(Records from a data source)
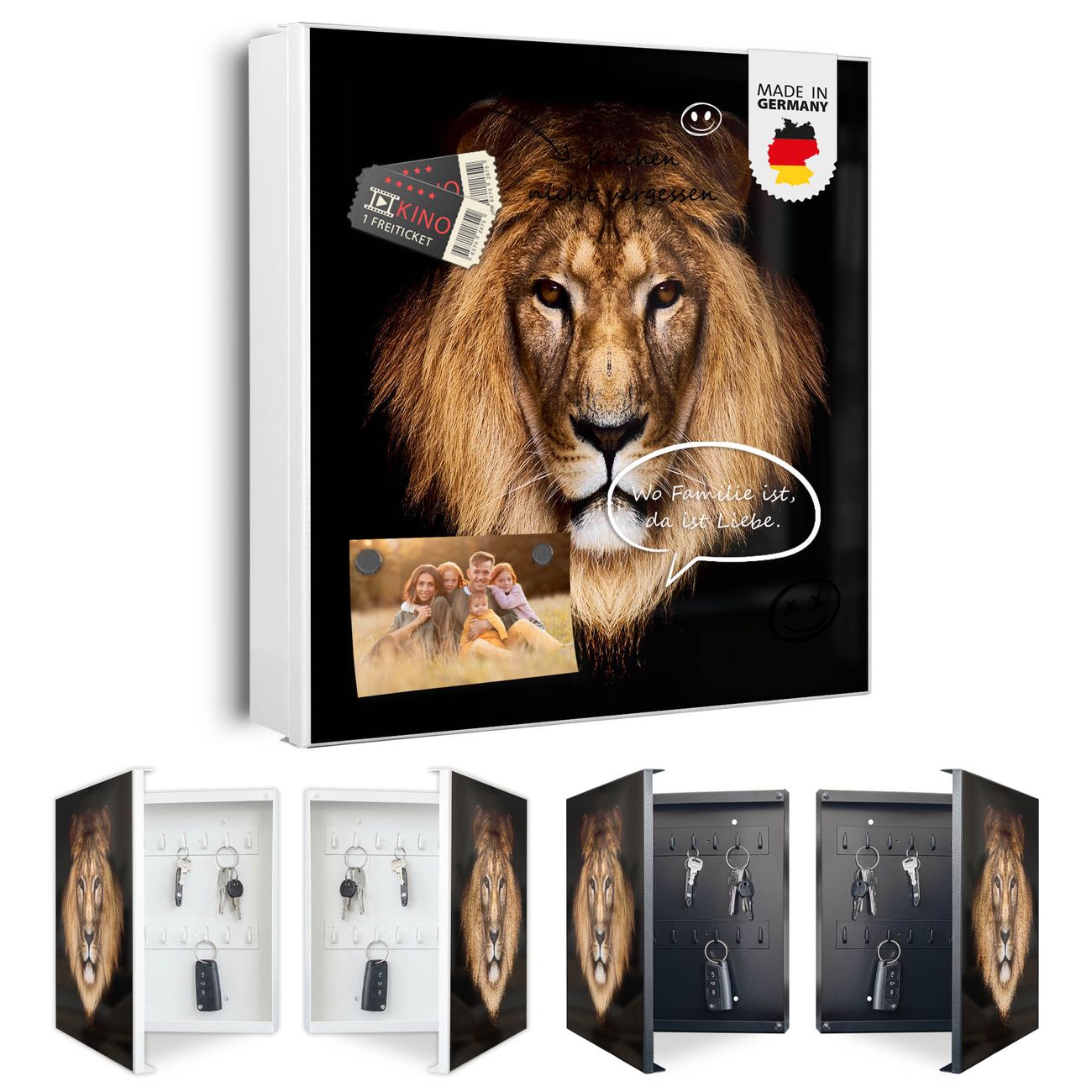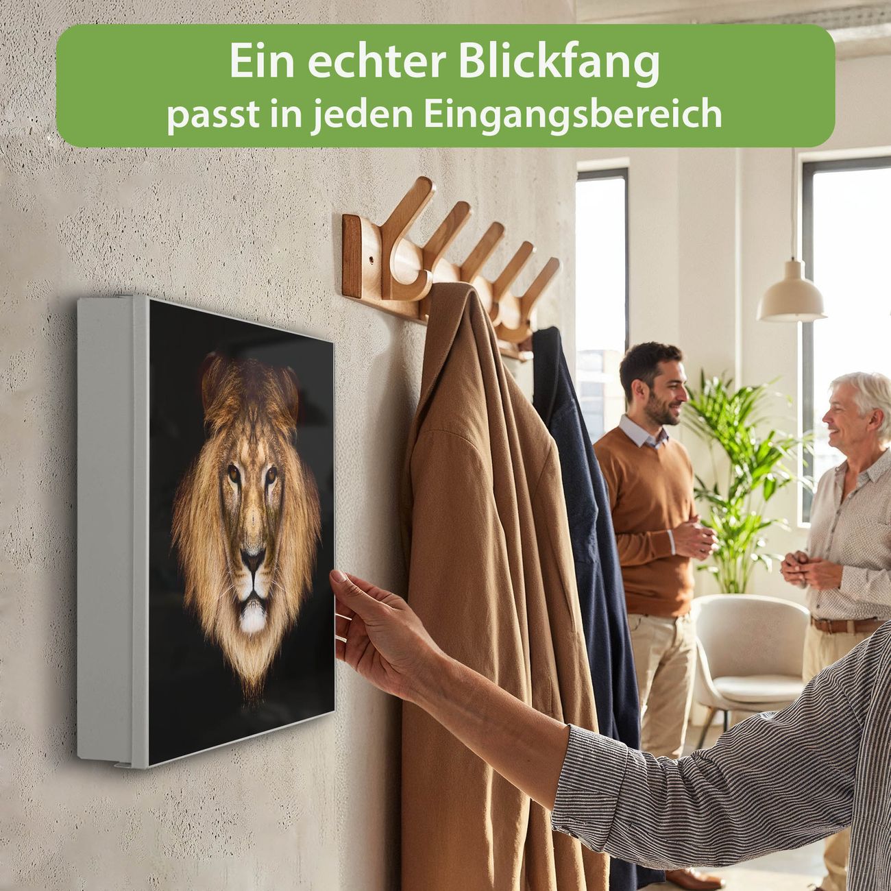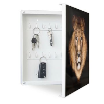 Bringe Ordnung und Eleganz in deinen Eingangsbereich mit dem banjado Schlüsselkasten Motiv Motiv Jakob. Die moderne Schlüsselbox kombiniert funktionales Design mit hochwertiger Verarbeitung und wird so zu einem echten Hingucker in Flur, Büro oder Ferienwohnung. ✅ Stilvolle Schlüsselaufbewahrung mit Motiv Motiv Jakob Der Design-Schlüsselkasten Motiv Motiv Jakob bietet Platz für bis zu 32 Schlüssel, die auf 4 stabilen Reihen mit je 8 Haken übersichtlich verstaut werden. Mit seinen kompakten Maßen von 30 x 30 x 5 cm passt die Schlüsselbox perfekt auch in kleinere Räume. Der weiß lackierte Stahlkorpus mit rechts angeschlagenem Türscharnier harmoniert mit gedruckten Folie auf der Front und fügt sich nahtlos in jedes Wohnambiente ein. Ob als Schlüsselorganizer für Zuhause oder als praktische Lösung für Büros, Praxen und Gewerbe, der banjado Schlüsselkasten sorgt für Ordnung und Übersicht. Dank der magnetischen, mit Kreidestiften beschreibbaren Folie auf der Front kannst du Notizen anheften oder Termine direkt auf der Oberfläche festhalten. Die Schlüsselbox Motiv Motiv Jakob zur Wandmontage wird inklusive Befestigungsmaterial geliefert und ist schnell angebracht. So hast du deine Schlüssel jederzeit griffbereit und zugleich stilvoll verstaut. Mit diesem banjado Schlüsselkasten Motiv Motiv Jakob kombinierst du praktische Aufbewahrung mit stilvollem Wohndesign. Ob privat oder geschäftlich, die Schlüsselbox sorgt für mehr Ordnung, Übersicht und ein wohnliches Ambiente.Vorteile im Überblick
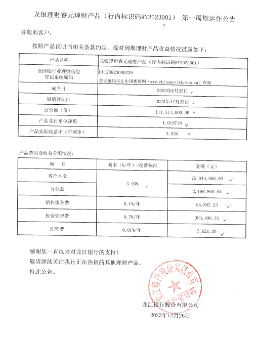 龙银理财睿元理财产品(行内标识码RY2023001)第一周期运作公告
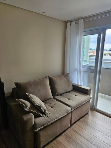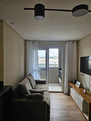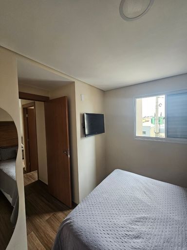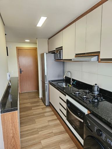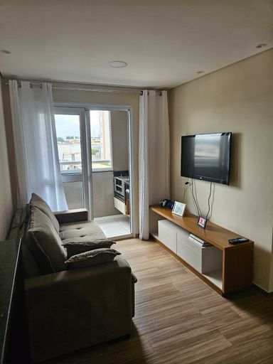 O imóvel dispõe de 02 dormitórios, sala de estar integrada à varanda, cozinha, banheiro social, área de serviço e 01 vaga de garagem
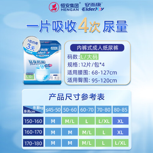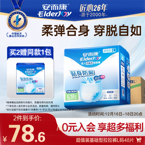安而康(Elderjoy)超值装基础型成人拉拉裤L48片臀围95-120cm内裤式成人纸尿裤老人
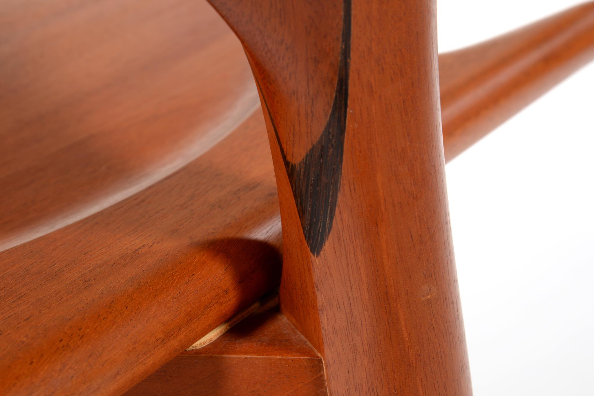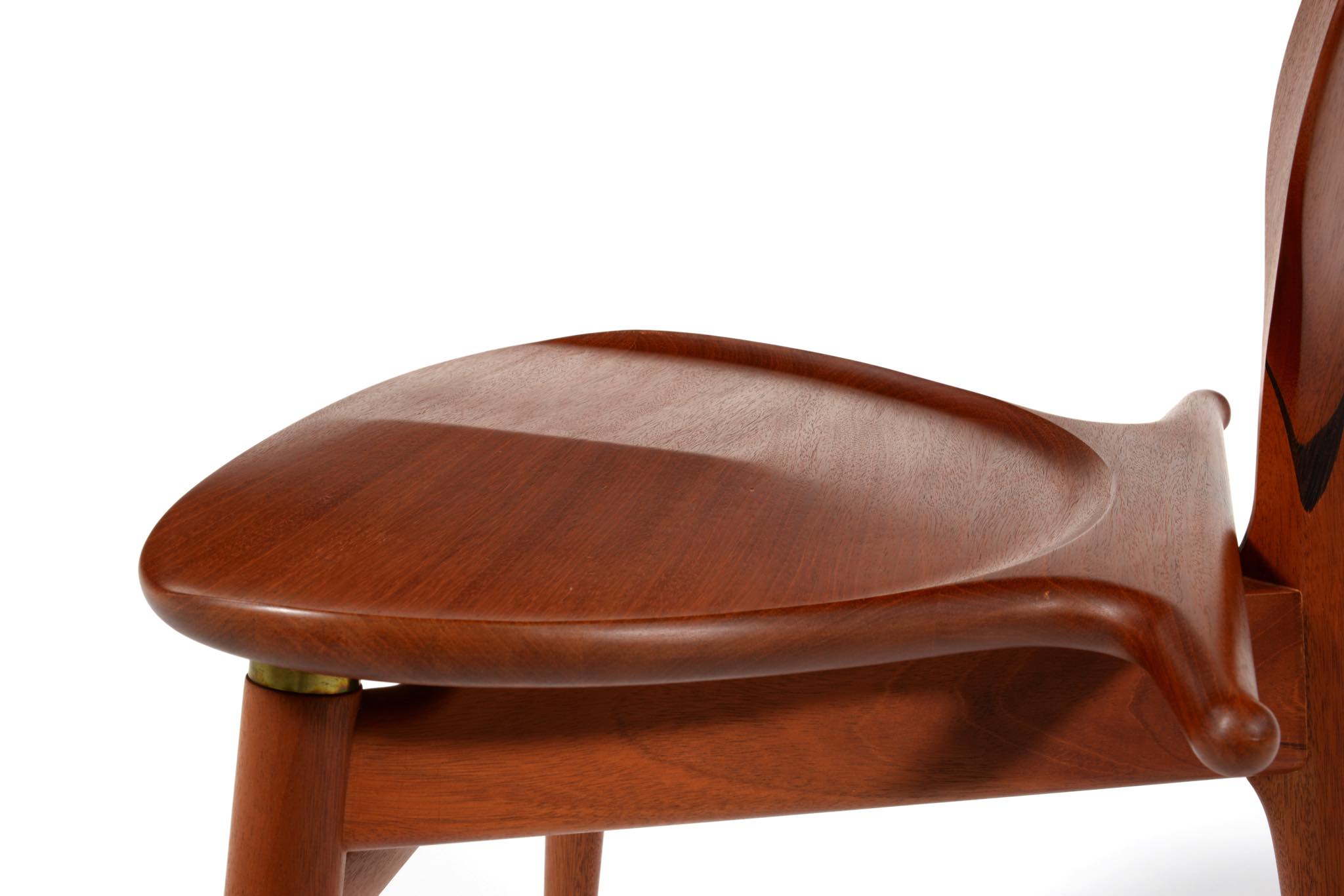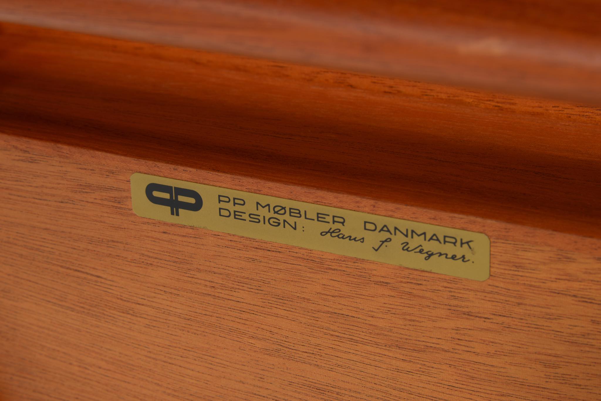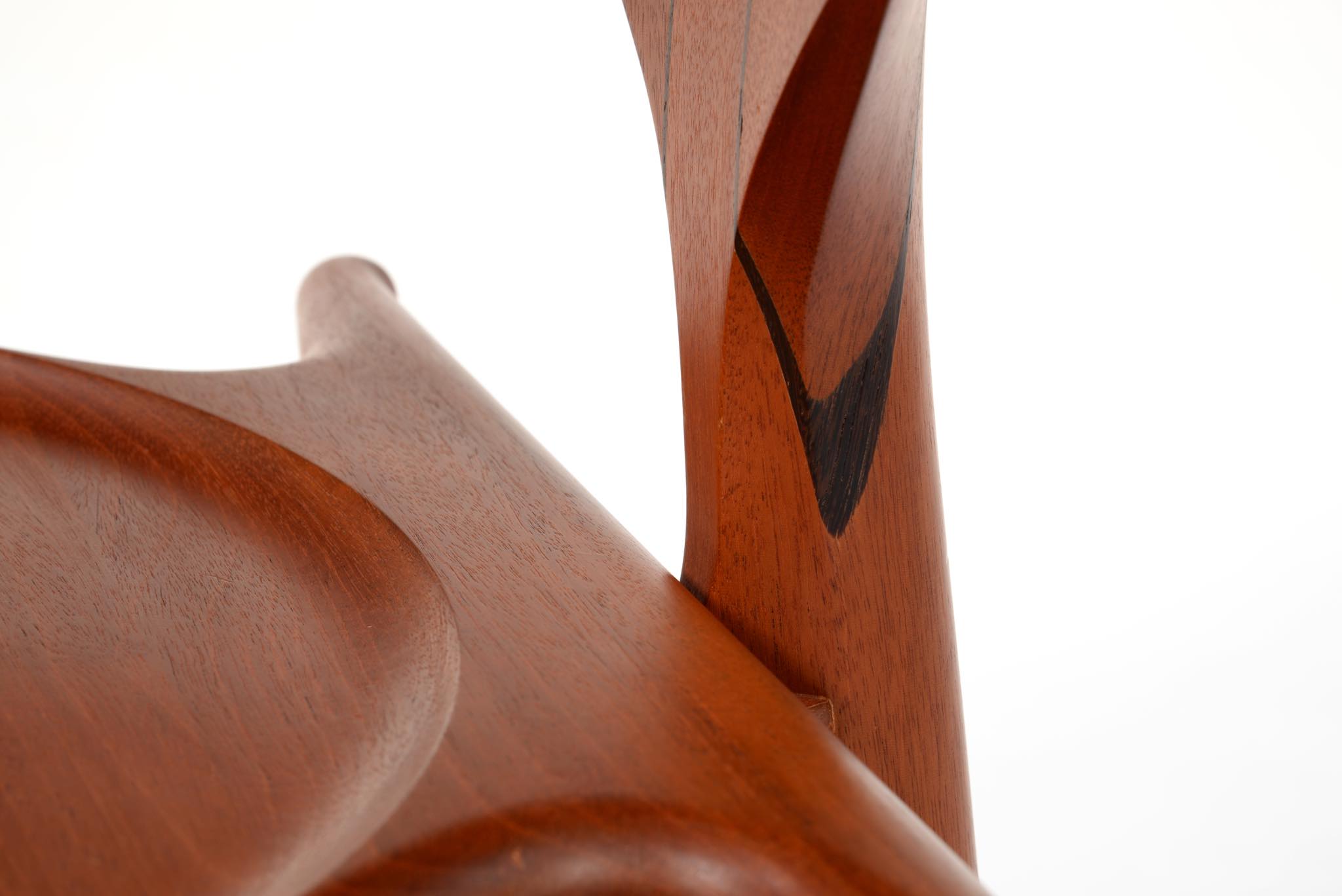 家具職人のハンス・ウェグナー、建築学教授のスティーン・アイラー・ラスムセン、デザイナーのカイ・ボイスンの三人によって衣類の収納方法について協議したことががきっかけとなり、考案された名作椅子”ヴァレットチェア”。笠木はハンガー、座を起こせばパンツが掛けられ、座の下のボックスへは小物も入れられるというユニークなモデルです。寝室や玄関に、あるいはオフィスの隅に映える一脚です。こちらは1982年以降にPPモブラー社によって製作されたもので、現在では廃番となっているマホガニー材が用いられています。コンディションは極めて良好です。
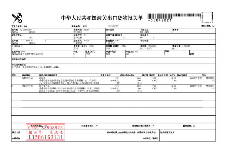 下面聚海小編為大家?guī)黻P(guān)于端子插入機(jī)深圳蛇口港報(bào)關(guān)出口,海運(yùn)至泰國(guó)曼谷港,然后再由當(dāng)?shù)厍尻P(guān)公司完成進(jìn)口清關(guān)和派送任務(wù)的一篇最新案例,希望對(duì)有需要的小伙伴帶來一絲希望.
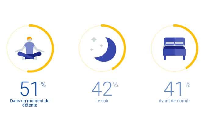Comme pour les applications de gaming, les applications d’entertainment sont le plus souvent utilisées pendant un moment de détente (51%). Par ailleurs, elles sont également le plus souvent utilisées le soir (42%) ou avant de dormir (41%).
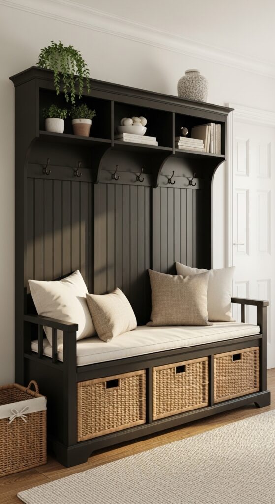 If you love a classic, timeless look, the Hemnes series is unbeatable. Combine the Hemnes storage bench with the Hemnes wall-mounted bridge shelf. This creates a cozy “nook” where you can sit comfortably to pull on your boots. Picture a dark wood finish against a crisp white wall, decorated with textured wicker baskets in the cubbies. It’s practical because it offers both seating and overhead storage for hats and scarves. To elevate this look, consider adding some wall molding ideas behind the bench to give the space an architectural, high-end feel.
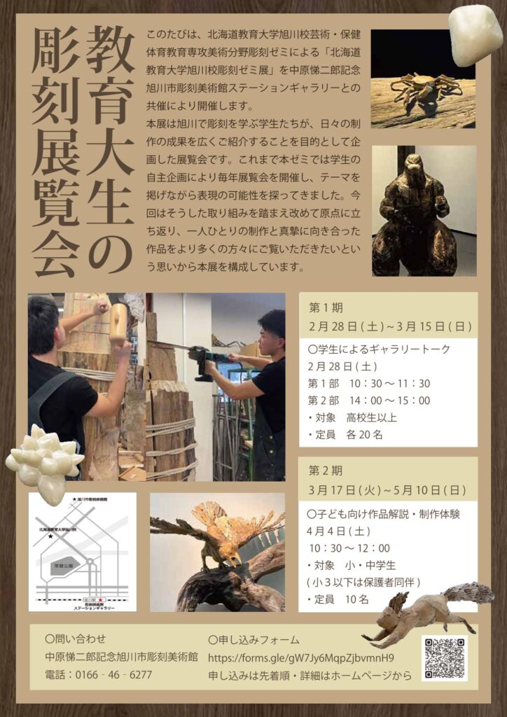 名称:「北海道教育大学旭川校彫刻ゼミ展」中原悌二郎記念旭川市彫刻美術館
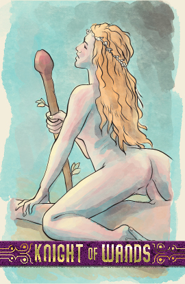 The knight of wands acts in pursuit of their pleasure, exercising control they have learned from experience wielding the fire element. But the knight is not all about control, they are about the excitement and the adventure of pursuit.
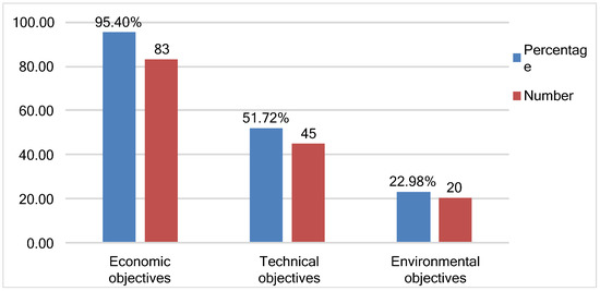 As shown in Figure 6, economic objectives are the most common planning objectives, and 95.40% of the surveyed papers involve economic objectives. On the contrary, only 22.98% of these planning models focus on the environmental objectives.
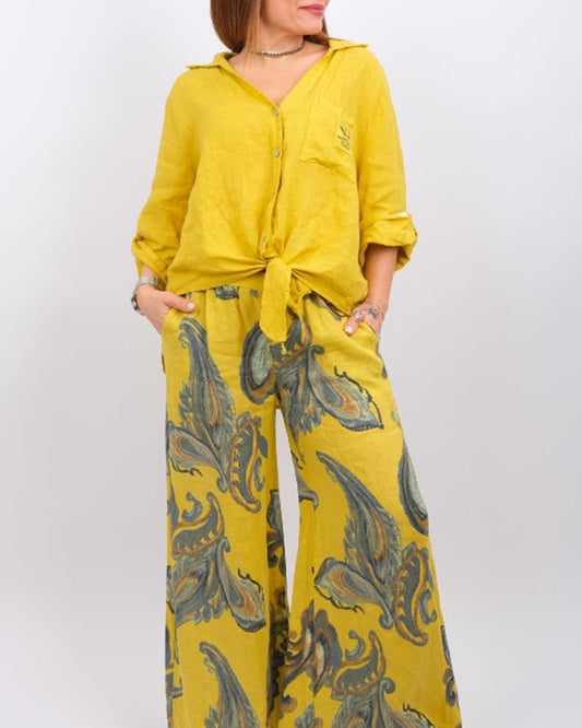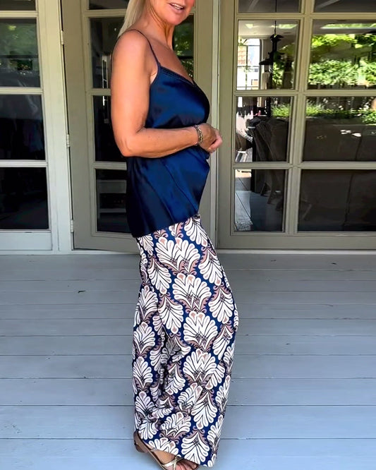 Løse bukser med vidde ben med trykk
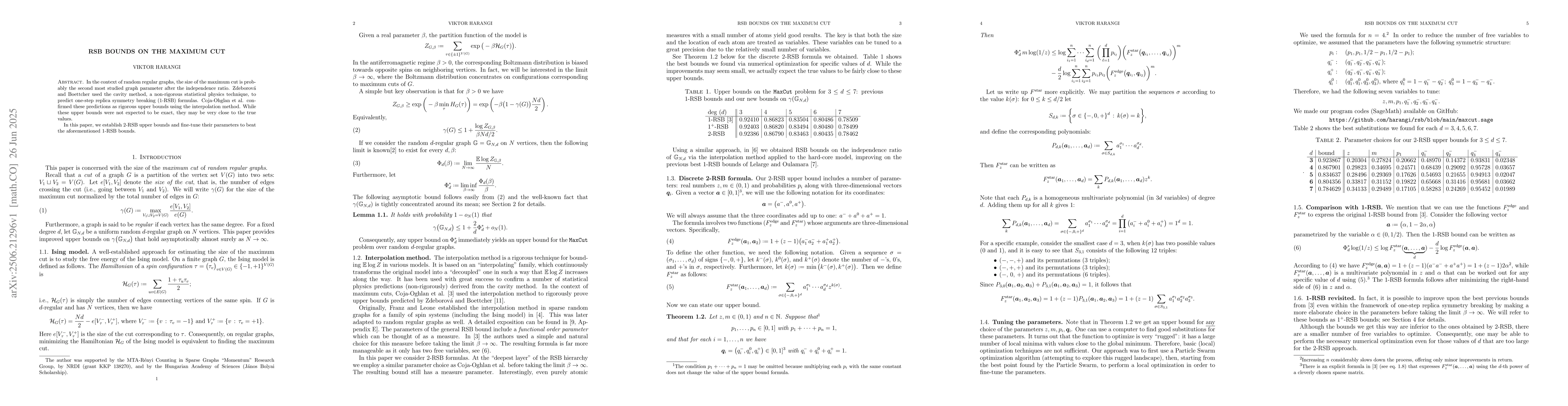 The paper introduces a rigorous 2-RSB framework for bounding the maximum cut, including explicit formulas and parameter optimization strategies, refining previous 1-RSB results.

◆ **WHAT NEEDS TO BE DONE**
Please copy exactly the lines from the one containing "As shown in" through the last line of the records above, both included, and leave out any pictures.

◆ **TASK ANSWER**
 As shown in Figure 6, economic objectives are the most common planning objectives, and 95.40% of the surveyed papers involve economic objectives. On the contrary, only 22.98% of these planning models focus on the environmental objectives.
 Løse bukser med vidde ben med trykk
 The paper introduces a rigorous 2-RSB framework for bounding the maximum cut, including explicit formulas and parameter optimization strategies, refining previous 1-RSB results.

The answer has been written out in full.